I dont think she'll ever care abt u anymore, she wont give a damn whether u live or die... thats how they are with their exs

no matter what I do.... no matter how much I try or not try... it's not going to stop... ever... like you're living in a hell... all your life ... thats exactly why I dont want to live... but I dont wanna commit suicide either....

it's easier to just do it... anything to stop feeling this way i dont know how to explain it to u there were times i felt like i was the female version of jesus carrying all the sins over my shoulders... like all these emotions i couldnt take it doesnt stop but once in a while, it stops and i feel like i am on ecstasy
he can do whatever he wants to me as long as he doesn't leave me
when I talk to people and I want to talk to them.... my emotions are blank...its my head doing all the talking and too busy to scan for emotions

I can tell u one thing, the answers that I give u today might not be the answers that i have for u tomorrow....cause they're not based on what i feel.... they're based on how i think
I use guys to feel something... for love, the care... all those things... it's like an obsession for some time... and then it becomes a torture
I love eggplant parmesan
some women look for prince charming... some for knight in shining armor... i am the kind that goes for the latter
I cant control my anger
I personally hate sympathy i'd much rather have people think I am the bad person intead of feeling sorry for me
I personally hate sympathy i'd much rather have people think I am the bad person intead of feeling sorry for me

I dont know anything about normal emotions...mine feels like new emotions... like I am not sure what they are... like i am absorbing strange unknown very intense emotions and I am not sure what they are... like when normal people are sad... they know why they're sad... or what they feel... I don't....
13 comments:
;)
you scared every one.

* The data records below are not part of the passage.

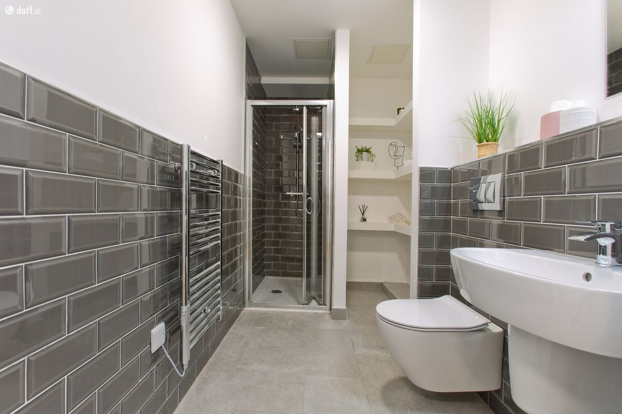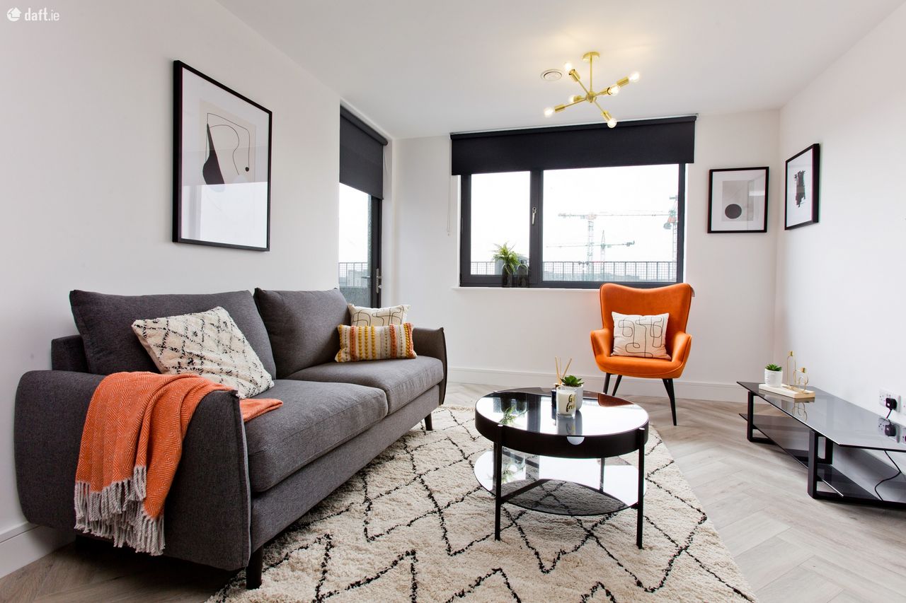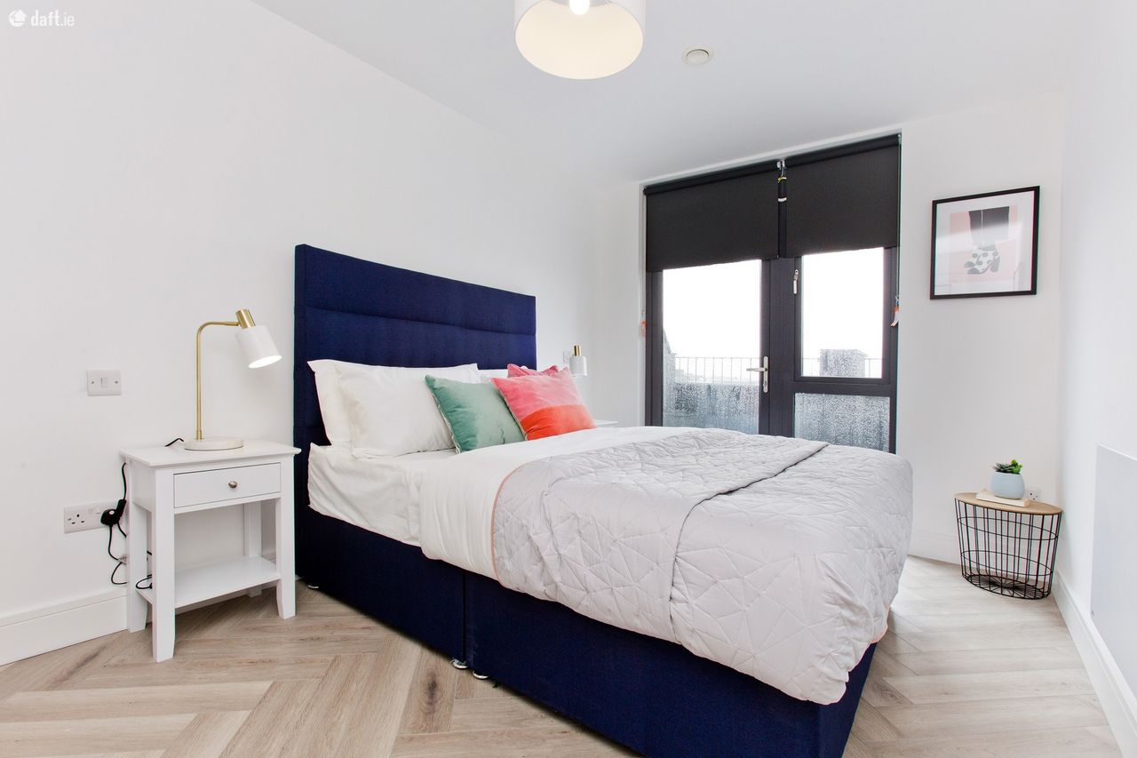 Furnished to the highest standard, the accommodation comprises an entrance hall with two spacious presses leading to the open plan kitchen & living room with herringbone wood floor and high quality fully fitted kitchen. Stylish tiled bathroom with heated towel rail and built in linen store. Bedroom with built in wardrobe and door to private deck. Private deck area with panoramic views over the city.
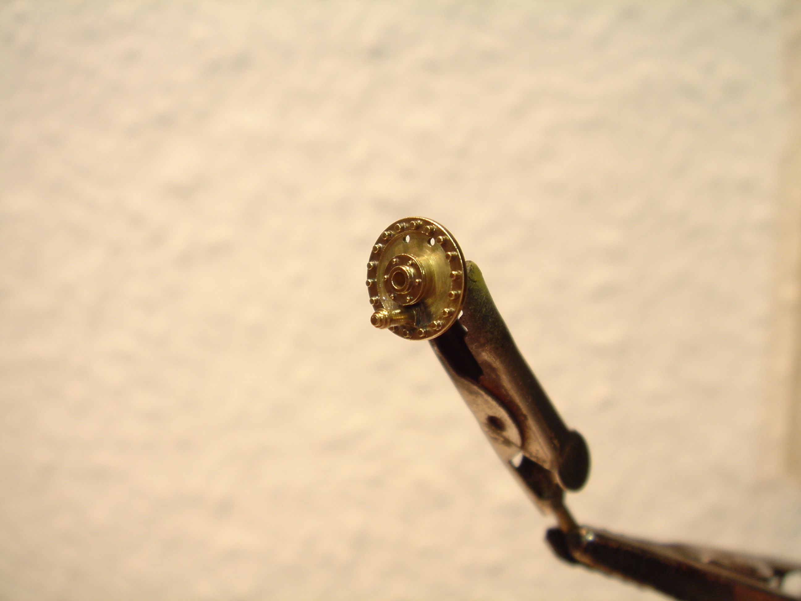 Auch die Scherenbremse ist voll beweglich angefertigt. Was mit nicht gefällt, sind die Radnarben der Treibräder an der isolierten Seite. Da werde ich noch nachbessern müssen.
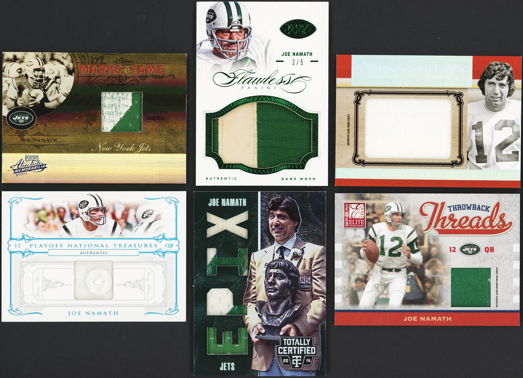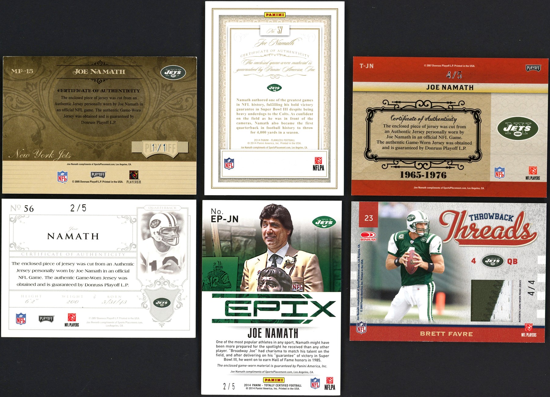 This lot features a collection of (6) 2005-2014 Joe Namath Game Used Relic Cards. All cards are serial numbered #/5 or less including: 2005 Donruss Playoff #MF-15 Joe Namath Marks Of Fame Jersey Relic #1/1; 2007 Donruss Playoff #56 Joe Namath Authentic Jersey Button Relic #2/5; 2007 Donruss Playoff #T-JN Joe Namath Timeline Jersey Relic #4/5; 2009 Panini Donruss Elite #23 Joe Namath/Brett Favre Throwback Threads Dual Relic #4/4; 2014 Panini Totally Certified #EP-JN Joe Namath Epix Jersey Relic #2/5; and 2014 Panini Flawless #37 Joe Namath Authentic Game Worn Jersey Relic #2/5.
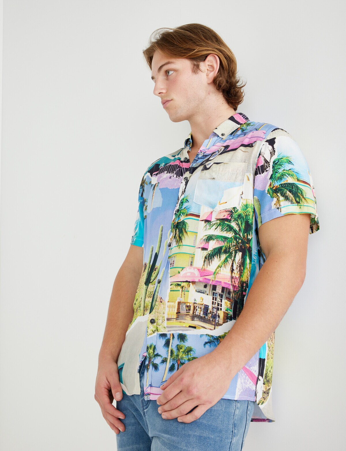 Tarnish Cadillac Palms Short Sleeve Shirt Blue Casual Shirts
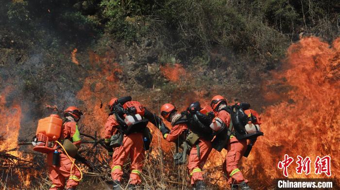 圖為3月2日,云南森林草原火災(zāi)應(yīng)急處置聯(lián)合實戰(zhàn)演練中常規(guī)裝備滅火。 云南省森林消防總隊 攝
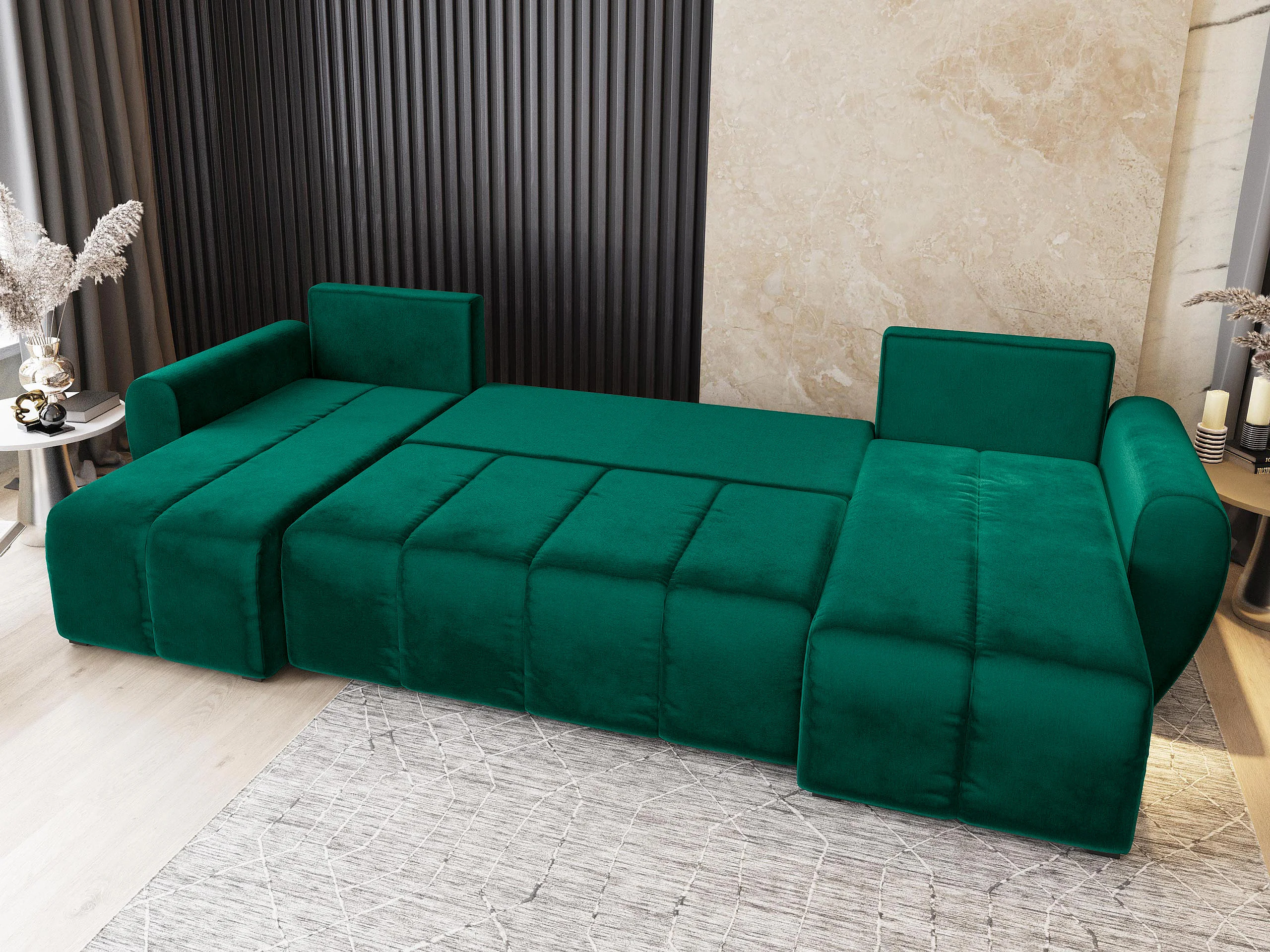 Canapé d'angle MADISON Vert Sapin en peluche avec fonction de couchage

They are not sure whether to kill you or save you..interesting dilemma!
scared everyone?? lol... what?
you might wanna change "as long as he doesn't leave me" to "as long as he loves me"... your character is a borderline with narcissistic traits, remember? :P
she'll stray or even leave if she gets the slightest sense of "perceived" abandonment...

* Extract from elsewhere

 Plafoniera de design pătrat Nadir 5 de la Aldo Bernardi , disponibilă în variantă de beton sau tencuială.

"I can tell u one thing, the answers that I give u today might not be the answers that i have for u tomorrow....cause they're not based on what i feel.... they're based on how i think"
now it all makes sense...:))
I don't know why do we name it as a disease when someone behaves differently from the majority. We have to look at the heart of the person and not the symptoms.

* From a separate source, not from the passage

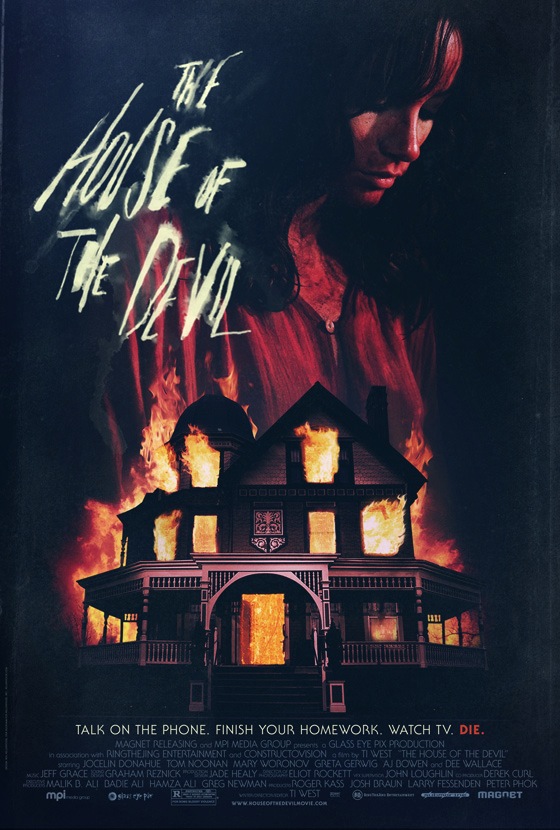 I’m going to leave that synopsis far more vague and ambiguous than I normally do, because I encourage every fan or horror movies, fuck it, any fan of MOVIES to go watch this film. I didn’t know much about writer/director Ti West before seeing this film, but I can tell you that I will see every movie that this guy is involved in from here on out. Granted, he was somewhat responsible for Cabin Fever 2: Spring Fever, which was a piece of shit, but word is that he tried to get his name removed from it anyway. Contextually, it was a great choice for him to set this movie in the early 80’s, because as he has mentioned in interviews, it was one of the last time periods that wasn’t tainted by the realm of technology. If you were a babysitter at a house in the woods, then you were a babysitter at a house in the woods. If someone said they’d be somewhere at a specific time, you just had to hope they would show up, seeing as there were no personal communication devices. It was also a time in American history where people were actually afraid of Satanic cults kidnapping you off the street and sacrificing you to some mythical demon, which is hilariously terrifying in retrospect of how stupid people were. Not only did West strive to emulate the 80’s contextually, but also in the production of the film itself. For example, rather than shooting it digitally or on 35mm, it was shot on 16mm and blown up, as was the most cost-effective filming technique in the early 80’s. From the music to the outfits to the special effects and especially the opening credit sequence, this film pays homage to movies of the 80’s that really shaped a lot of contemporary filmmakers and how they view horror.
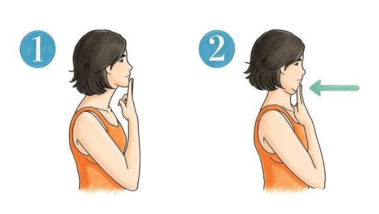 · 动作: 双指置于下巴下方,轻轻收紧下巴,同时将头部向后回缩。保持3-5秒,放松。重复10次,3组。

Think of what would Jesus do in this situation. He will probably have a nice chat with her and accept her wholly.
Psychologists invent every other disease for behaviors like these. The world works differently. Christ works differently.
This woman needs to understand how much Jesus loves her.
Jesus said "Come to me, all you who are weary and burdened, and I will give you rest. 29Take my yoke upon you and learn from me, for I am gentle and humble in heart, and you will find rest for your souls. 30For my yoke is easy and my burden is light."
Can someone tell her the true identity of Christ?
"Can someone tell her the true identity of Christ?"
Nuren, you talk as if you know everything about the world and Christ... which is way beyond every human's imagination...
and you read a few lines about this character and already came to a conclusion about her faith and her identity.
If you really know how the world works, then you might want to think from another plane of existence... and not tell her what she already knows.
Another plane of existence? Please suggest what is that.
I did not come to any conclusion about her faith or identity.
Yes,I know very little. I am only trying to feel compassion towards the other person. It is not sympathy. It is only empathy.
Nuren..I think '...' is a born Christian..and I think jesus christ works as a psychologist...atleast temporarily..
Jade? She gave you that name? Jade is not a borderline - What other mess has she gotten me or herself into?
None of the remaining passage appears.